'Boom Boom' Comes Home Pitching Reality TV Show
YOUNGSTOWN, Ohio -- Ray “Boom Boom” Mancini says he has dreamed for 25 years of bringing television and film production to his hometown here. Now his dream is at the heart of a proposed reality show he is working on with the director of the biopic based on the boxing champ’s life.
“Boom Boom Goes Home” is the tentative title of the reality show, which would chronicle the former World Boxing Association lightweight champion and his efforts to develop TV and film production locally. Mancini, whose Boom Boom Entertainment is the parent company of Boom Boom Productions and Champion Pictures, is leasing production space and offices in the Ohio One Building downtown.
“I’ve been talking about this for a long time,” Mancini told The Business Journal.

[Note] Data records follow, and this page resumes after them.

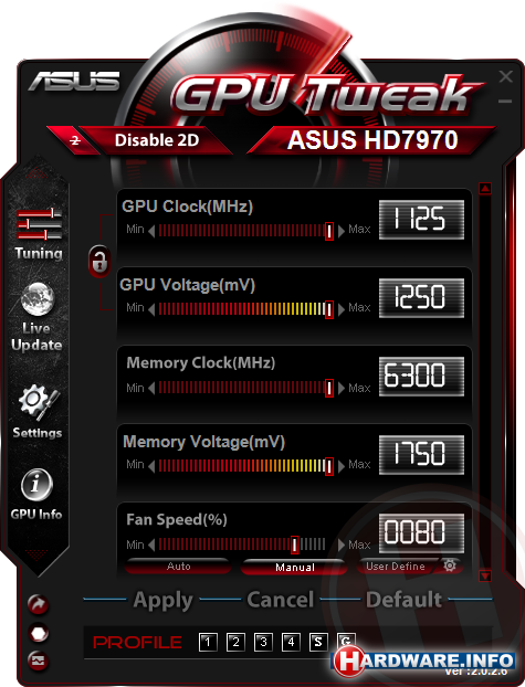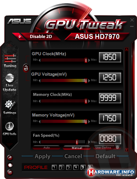 Voor het daadwerkelijk overklokken van de Radeon HD 7970 kaarten maakten we gebruik van de ASUS GPU Tweak software. Hoewel deze software door ASUS is uitgebracht, werkt deze ook prima op videokaarten van andere merken, zij het dat de functionaliteit dan beperkt blijft tot het aanpassen van klokfrequenties. Zoals op de volgende pagina te lezen, is die beperking relatief makkelijk te omzeilen.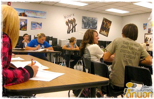 นอกจากนี้เรามีเพื่อนที่ท้องเยอะมาก!! ตอนแรกที่ไปเราก็แบบว่า พระเจ้า อะไรจะขนาดนี้!! คือใครท้องหรือแต่งงานก็จะมาโรงเรียนเหมือนปกติ พอช่วงใกล้คลอดก็หยุดไป พอคลอดเสร็จก็กลับมาเรียน เค้าเห็นว่าเรื่องนี้เป็นเรื่องปกติไปแล้ว .... อย่างเพื่อนเราคนหนึ่งชื่อ Maranda ตอนนั้นเค้าอายุ 16 แต่ลูกเค้าอายุ 2 ขวบ บางทีเค้าก็เอาลูกมาเลี้ยงที่โรงเรียน พ่อเด็กก็เป็นเพื่อนกับเราอยู่ชั้นเดียวกัน วันแรกที่เราไปโรงเรียนก็เจอเลย นั่งอยู่ในคลาส กำลังเอ๋อๆ พยายามทำงานที่ครูให้แบบงงๆ เพราะฟังก็ยังไม่รู้เรื่อง แต่ Maranda ซึ่งนั่งอยู่ข้างเรากลับฝากให้เราดูลูกเค้าให้หน่อย เค้าจะไปเติมน้ำแป๊บนึง = =" ปรากฏเค้าไปนานมากๆ แล้วเด็กก็ร้อง เรานี่ต้องคอยโอ๋ คอยป้อนนม ทำทุกวิถีทางให้เด็กหยุดร้อง ทุกคนก็มองมาที่เรา ตอนนั้นอายมากๆ แต่สุดท้ายตอนหลังก็ได้เป็นเพื่อนกัน เพื่อนบางคนชอบให้เราเอาลูกเค้าไปอุ้ม เพราะอยากฟังเราร้องเพลง เราก็จะร้องพวกแบบ นกกาเหว่า จันทร์เอ๋ยจันเจ้าให้ฟัง เค้าบอกว่าเพราะมาก เค้าชอบให้เราร้องเพลงไทยให้เค้าฟัง แอบภูมิใจนิดๆ อิอิ^^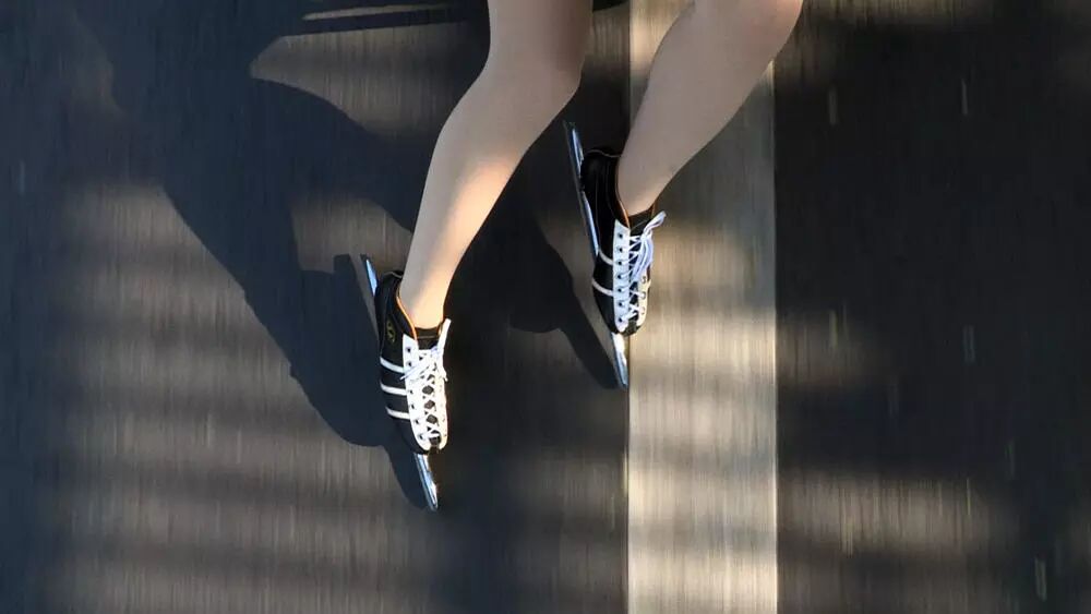 作品里的马秋莎,一直有着尖刻、叛逆的模样。在《我所有的锐气源于你的坚硬》里,她穿着冰刀鞋,坐着三轮摩托,从一条街到另一条街。刀刃刮在刺刺拉拉的水泥地上,蹦着火星流子。这条路是她童年时往返奶奶家的路程,暗示她成长的曲折和疼痛。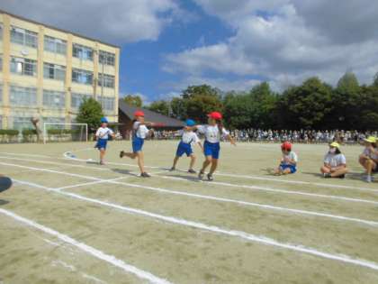 勢いよくスタートダッシュし,ゴールを突っ切る3年生。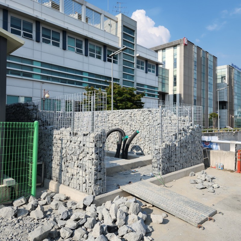 유성 신세계백화점 뒤 개비온담장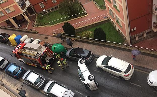 El accidente, que se ha producido sobre las 10.00 horas en la estrecha calle Romualdo Galdós, se ha saldado sin heridos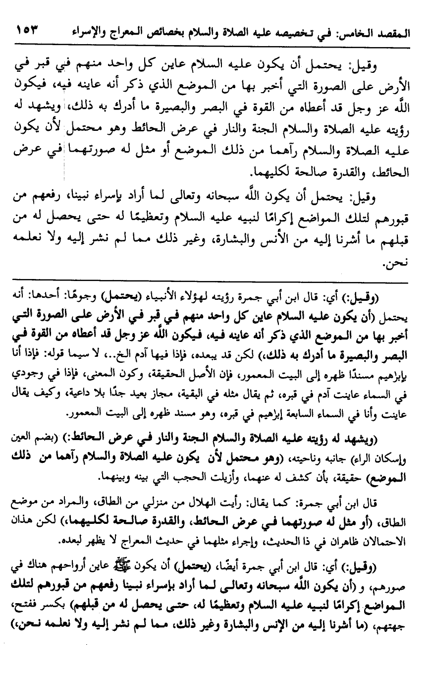 وقيل: يحتمل أن يكون الله سبحانه وتعالى لما أراد بإسراء نبينا، رفعهم من قبورهم لتلك المواضع إكرامًا لنبيه عليه السلام وتعظيمًا له حتى يحصل له من قبلهم ما أشرنا إليه من الأنس والبشارة وغير ذلك مما لم نشر إليه ولا نعلمه نحن.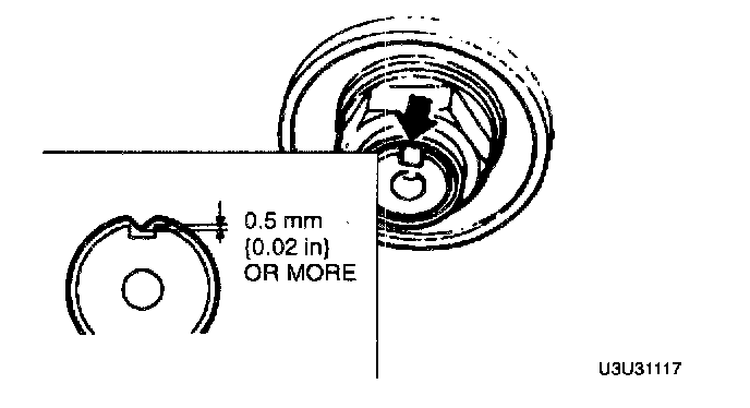 2. If the bearing inner race remains on the front wheel hub component, grind a section of the bearing inner race until approximately 0.5 mm (0.02 inch) remains. Then remove it by using a chisel.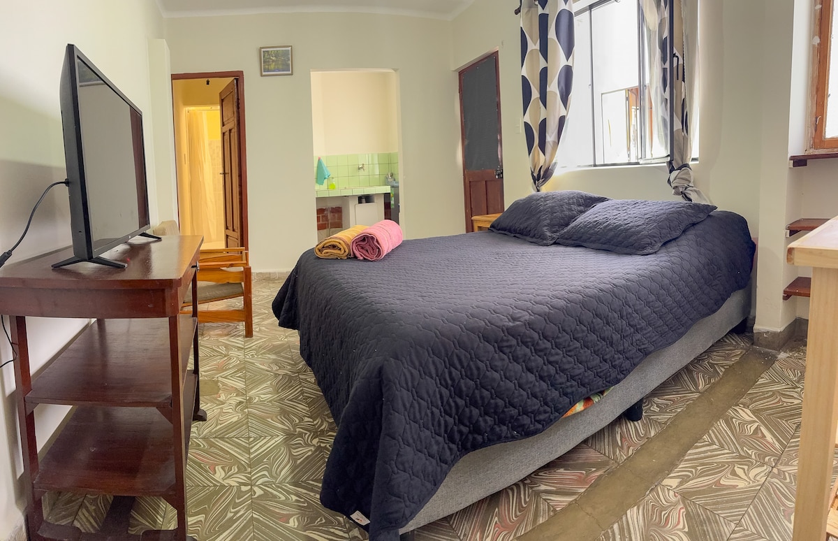 Насолодіться цією комфортною та світлою квартирою, ідеальною для відпочинку під час дослідження Сукре. Вона розташована на першому поверсі, має окремий вхід і знаходиться всього за 4 квартали від головної площі. У ньому є одна спальня, простора вітальня, власна ванна кімната та сад у патіо. Це тихе місце, наповнене природним світлом. Район безпечний і дуже практичний: поруч із супермаркетами, ресторанами та історичним центром.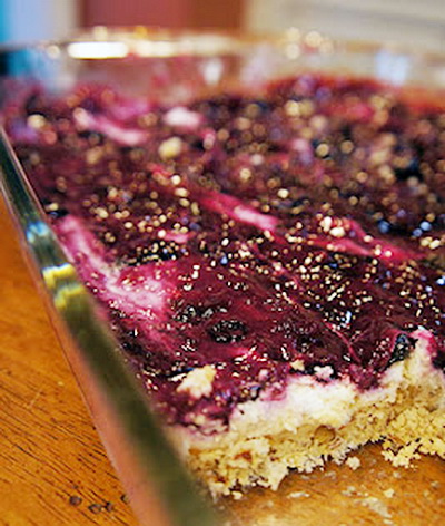 3. Beat cream cheese and powdered sugar. Add whipped topping and spread over the cooled crust. Top it off with the blueberry mixture and refrigerate.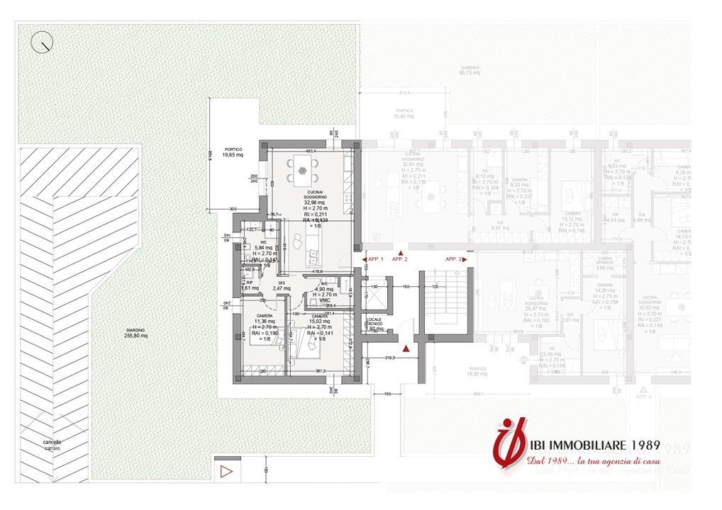 Soggiorno/cucina, doppi servizi, ripostiglio, camera matrimoniale di mq 15 circa ed una singola di mq 11,30 circa, ampio porticato di mq 19 circa, ampio giardino di mq 256 circa, Completano la proprietà,al piano interrato, doppio garage in larghezza ed una cantina. Finiture di pregio.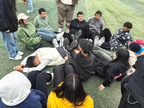 在学长进行短暂总结后,开始进行第二个活动——七手八脚。此活动主要考察学生们的思维能力和活跃度,班级干部在带领班级发展时,需要做到上传下达,树立起责任意识,将老师布置下去的任务带领学生积极完成,才能加强班级管理。

In 1989, he recalled, he wrote down his dreams and goals for what he wanted to do back in Youngstown, one of which was to develop a studio downtown, something he saw as a “very big possibility” back then and now views as a probability. “We’re making it happen,” he said.
“Downtown Youngstown could be downtown Brooklyn, the lower East Side of New York, South Street in Philadelphia, the North End of Boston, yet 10 minutes into Columbiana or Poland, Boardman and Canfield, you’re in the rolling hills of Nebraska and the flatlands of New Mexico or the green pastures of Washington state,” Mancini said.
“It’s the business of illusion. We have everything to offer here so why not try to bring production here, and that’s what I’m trying to spearhead.”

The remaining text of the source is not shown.